Of course, do not climb Popo if it is still erupting; even when it is not erupting, the sulfur fumes can be bad; a friend of mine had a severe asthma attack on Popo, and had to be assisted down off the peak.

Avalanches may be a hazard. A few years ago, a party of three was killed by an avalanche on Orizaba.


Basic Spanish is helpful in arranging transportation. Buy your bus ticket at the window in the station. First class bus tickets are for a particular bus/time, and include checked bags (though you have to carry them to the bus), and reserved seats. Buses run about every 15 minutes on the routes listed below.

To get to Izta & Popo: Take a taxi from the Mexico City airport to the TAPO bus station. Take the first class bus from the TAPO bus station in Mexico City, (near the airport) to Amecameca. Take a taxi from Amecameca. Expect to pay $15-20 US for the taxi ride to Paso de Cortez or Tlamacas. The bus will cost less than $5 US. ADO is one of the first class bus lines. Figure a two hour bus ride and a one hour taxi ride. If the hut at Tlamacas is open, it will probably not be necessary to make arrangements in advance to go down, as there is enough traffic to make it fairly easy to find a ride.

To get to Pico de Orizaba: Take a taxi from the Mexico City airport to the TAPO bus station.
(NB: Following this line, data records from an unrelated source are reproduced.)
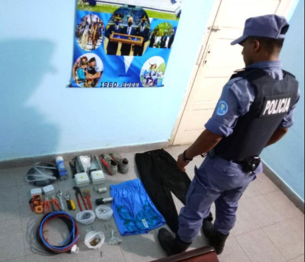 Al realizar una recorrida por una zona de baldíos, los efectivos hallaron escondidos entre las malezas herramientas varias, una pinza amperimétrica digital, 11 precintos negros, fichas terminales, dos tomacorrientes exteriores dobles, 15 ángulos de chapas tipo zing, tornillos y tacos, arandelas varias, dos capacitores, dos cajas de PVC cuadradas, dos rollos de cable taller de 2,5 milímetros, un alargue con enchufe macho de cinco metros y prendas de vestir.
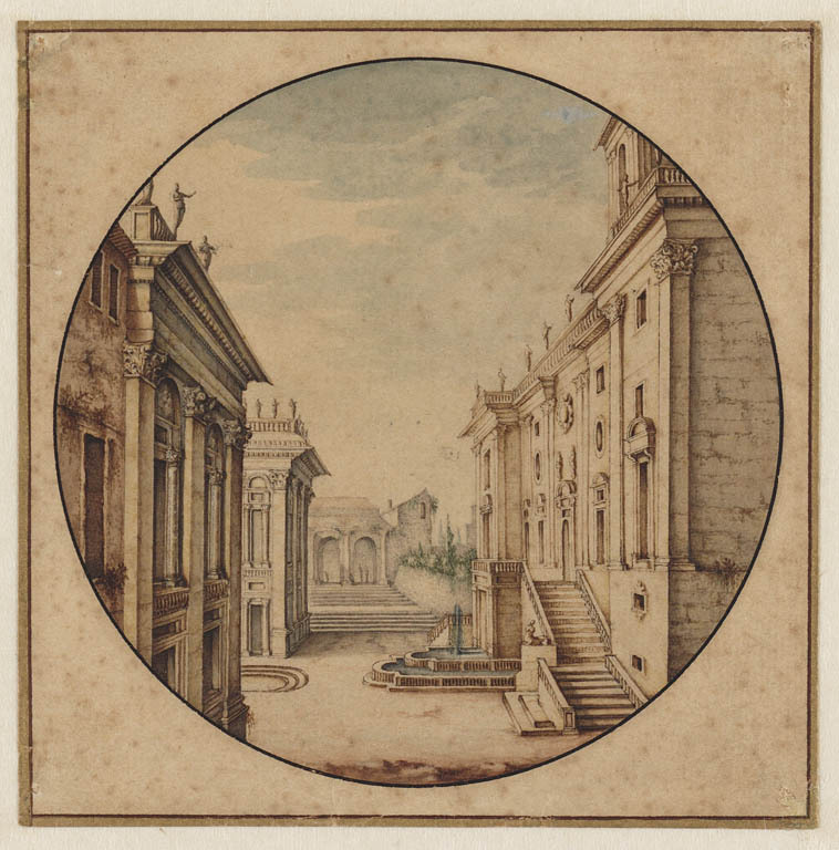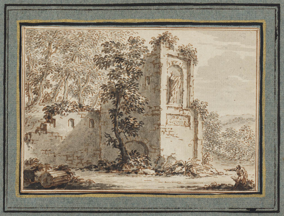Romeinse ruïne met tekenaar
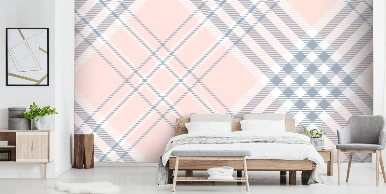 Als je een traditionele muur in huis wilt, kies dan voor dit roze en grijze behang. Een prachtig tartan behang, we denken dat het verder zou kijken dan mooi in de slaapkamer van een meisje. Of het nu een kinderkamer, tween of een slaapkamer voor volwassenen is, we denken dat dit roze pastelbehang er fantastisch uit zou zien in combinatie met gebroken wit geschilderde omringende muren, wit beddengoed en roze en grijze scatterkussens. Kies een grijs tapijt om je tenen in te knuffelen en een pluizig wit schapenkleed voor naast je bed!
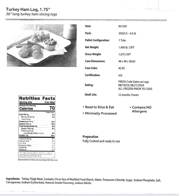 #006441 TURKEY LOGS OVEN ROASTED WHITE

Take the first class bus from the TAPO station to Puebla. Take the second class bus from Puebla to Tlachichuca. Each bus ride is about 2 hours, and will cost less than $5 US. From Tlac hire a pickup truck, probably $100 US round trip for the group. Señor Joaquin Conchola was our driver. Traffic is scarce, so arrange in advance to be picked up. A less expensive alternative may be to take a taxi from Tlachichuca to the village of San Miguel Zoapan or Miguel Hidalgo, and walk the last four or five miles to the hut. This hike could help with acclimatization. The hut is crude, but it keeps the wind out.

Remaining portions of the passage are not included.